Please repeat, precisely as written, only the lines from the one containing "mest ombejlede flæskesteg." through the last line of the records below, pictures omitted.

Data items
◇ ◇ ◇ ◇ ◇ ◇ ◇
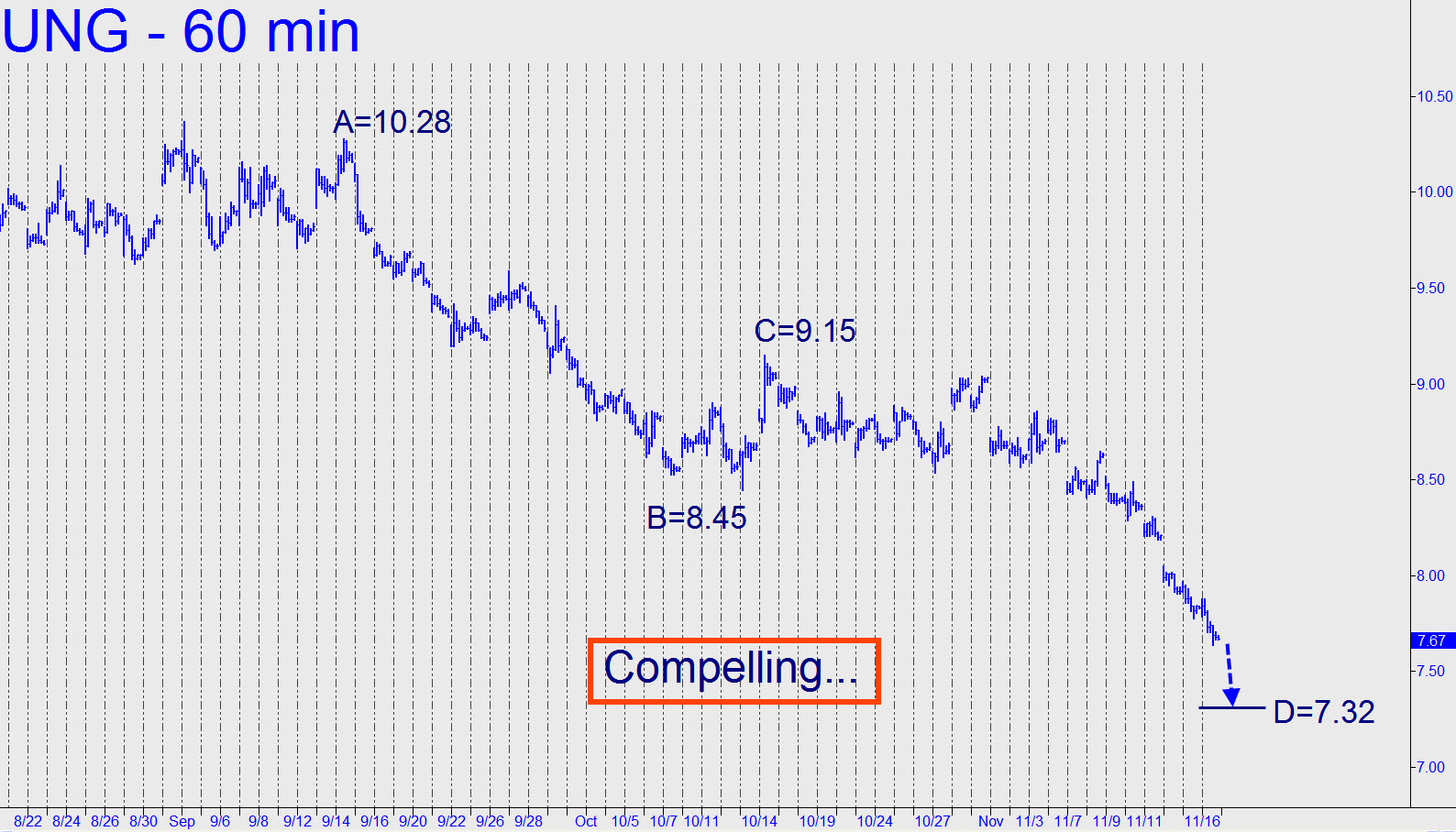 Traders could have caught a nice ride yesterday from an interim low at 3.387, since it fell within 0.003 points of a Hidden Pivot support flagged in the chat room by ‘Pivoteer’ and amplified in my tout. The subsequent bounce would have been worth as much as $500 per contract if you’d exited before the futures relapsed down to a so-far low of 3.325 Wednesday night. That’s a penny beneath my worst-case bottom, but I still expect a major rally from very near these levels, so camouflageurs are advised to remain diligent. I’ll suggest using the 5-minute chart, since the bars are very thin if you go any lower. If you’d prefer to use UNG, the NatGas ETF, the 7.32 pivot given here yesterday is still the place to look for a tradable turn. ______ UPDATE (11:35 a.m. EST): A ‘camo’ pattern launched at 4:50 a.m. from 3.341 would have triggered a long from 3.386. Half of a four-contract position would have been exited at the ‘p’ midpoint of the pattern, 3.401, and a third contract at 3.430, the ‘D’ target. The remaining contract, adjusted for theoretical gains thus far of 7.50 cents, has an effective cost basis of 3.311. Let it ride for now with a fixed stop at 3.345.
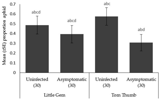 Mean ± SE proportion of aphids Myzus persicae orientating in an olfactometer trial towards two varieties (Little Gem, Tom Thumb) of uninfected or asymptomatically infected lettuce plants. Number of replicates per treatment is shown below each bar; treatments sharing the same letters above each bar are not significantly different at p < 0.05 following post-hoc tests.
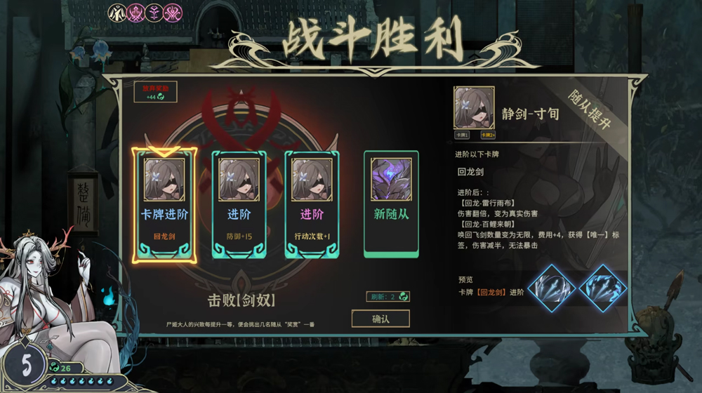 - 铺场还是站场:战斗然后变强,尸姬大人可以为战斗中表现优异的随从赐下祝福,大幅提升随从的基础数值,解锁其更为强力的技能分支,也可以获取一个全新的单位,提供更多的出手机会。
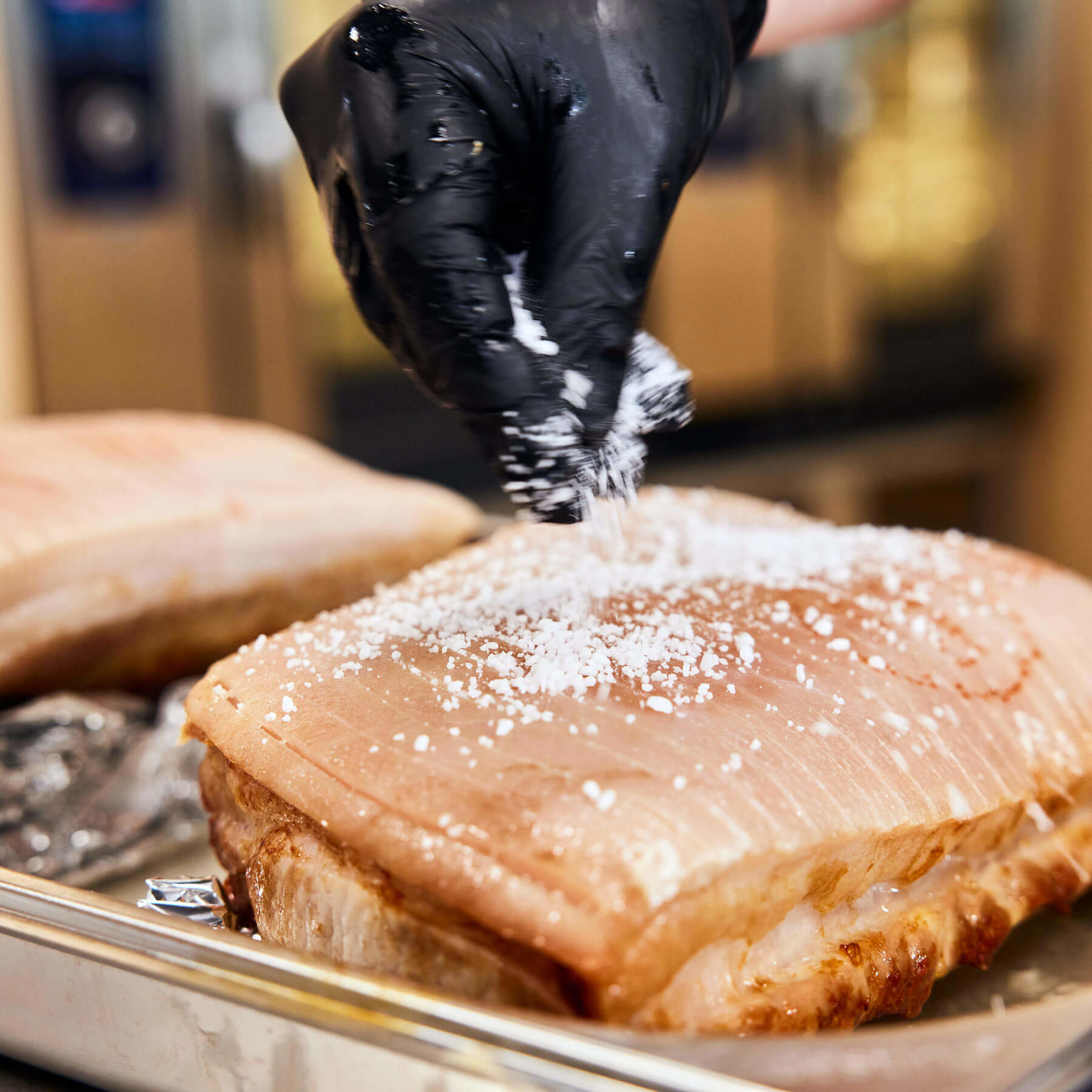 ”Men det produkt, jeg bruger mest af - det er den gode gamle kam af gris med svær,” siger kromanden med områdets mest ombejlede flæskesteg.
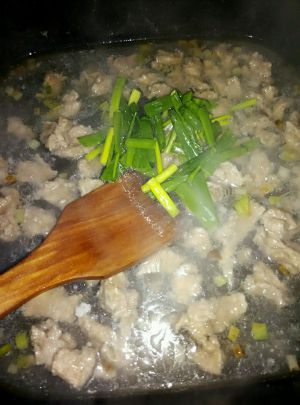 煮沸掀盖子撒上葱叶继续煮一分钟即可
◇ ◇ ◇ ◇ ◇ ◇ ◇
- COMPLETED TASK -
 ”Men det produkt, jeg bruger mest af - det er den gode gamle kam af gris med svær,” siger kromanden med områdets mest ombejlede flæskesteg.
 煮沸掀盖子撒上葱叶继续煮一分钟即可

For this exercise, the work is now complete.